▶ Problem description:
Write out the records again, exactly. Nothing may be dropped.

Data extracted from a collection:
# # # #
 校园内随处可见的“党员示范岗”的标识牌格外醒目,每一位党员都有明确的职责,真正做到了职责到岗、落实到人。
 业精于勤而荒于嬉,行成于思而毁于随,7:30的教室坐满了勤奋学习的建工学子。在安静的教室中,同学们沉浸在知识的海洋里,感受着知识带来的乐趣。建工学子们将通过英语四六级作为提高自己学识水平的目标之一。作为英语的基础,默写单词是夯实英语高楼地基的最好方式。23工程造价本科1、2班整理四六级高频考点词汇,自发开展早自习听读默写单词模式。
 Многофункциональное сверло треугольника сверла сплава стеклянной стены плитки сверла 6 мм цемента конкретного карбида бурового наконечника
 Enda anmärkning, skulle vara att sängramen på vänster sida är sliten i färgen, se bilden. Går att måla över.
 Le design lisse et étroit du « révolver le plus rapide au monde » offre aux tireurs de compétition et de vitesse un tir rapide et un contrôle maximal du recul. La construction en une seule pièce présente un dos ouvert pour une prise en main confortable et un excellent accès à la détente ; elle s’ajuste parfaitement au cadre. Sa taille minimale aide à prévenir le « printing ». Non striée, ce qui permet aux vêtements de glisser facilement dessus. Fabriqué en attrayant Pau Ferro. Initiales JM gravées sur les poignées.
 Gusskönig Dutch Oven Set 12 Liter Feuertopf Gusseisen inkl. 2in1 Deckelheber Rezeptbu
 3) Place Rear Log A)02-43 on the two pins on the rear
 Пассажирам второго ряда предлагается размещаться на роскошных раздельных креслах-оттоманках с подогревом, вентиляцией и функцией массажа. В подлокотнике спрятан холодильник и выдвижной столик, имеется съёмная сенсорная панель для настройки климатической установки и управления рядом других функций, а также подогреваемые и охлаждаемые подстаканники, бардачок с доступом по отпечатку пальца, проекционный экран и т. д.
# # # #
▶ Task result:
 校园内随处可见的“党员示范岗”的标识牌格外醒目,每一位党员都有明确的职责,真正做到了职责到岗、落实到人。
 业精于勤而荒于嬉,行成于思而毁于随,7:30的教室坐满了勤奋学习的建工学子。在安静的教室中,同学们沉浸在知识的海洋里,感受着知识带来的乐趣。建工学子们将通过英语四六级作为提高自己学识水平的目标之一。作为英语的基础,默写单词是夯实英语高楼地基的最好方式。23工程造价本科1、2班整理四六级高频考点词汇,自发开展早自习听读默写单词模式。
 Многофункциональное сверло треугольника сверла сплава стеклянной стены плитки сверла 6 мм цемента конкретного карбида бурового наконечника
 Enda anmärkning, skulle vara att sängramen på vänster sida är sliten i färgen, se bilden. Går att måla över.
 Le design lisse et étroit du « révolver le plus rapide au monde » offre aux tireurs de compétition et de vitesse un tir rapide et un contrôle maximal du recul. La construction en une seule pièce présente un dos ouvert pour une prise en main confortable et un excellent accès à la détente ; elle s’ajuste parfaitement au cadre. Sa taille minimale aide à prévenir le « printing ». Non striée, ce qui permet aux vêtements de glisser facilement dessus. Fabriqué en attrayant Pau Ferro. Initiales JM gravées sur les poignées.
 Gusskönig Dutch Oven Set 12 Liter Feuertopf Gusseisen inkl. 2in1 Deckelheber Rezeptbu
 3) Place Rear Log A)02-43 on the two pins on the rear
 Пассажирам второго ряда предлагается размещаться на роскошных раздельных креслах-оттоманках с подогревом, вентиляцией и функцией массажа. В подлокотнике спрятан холодильник и выдвижной столик, имеется съёмная сенсорная панель для настройки климатической установки и управления рядом других функций, а также подогреваемые и охлаждаемые подстаканники, бардачок с доступом по отпечатку пальца, проекционный экран и т. д.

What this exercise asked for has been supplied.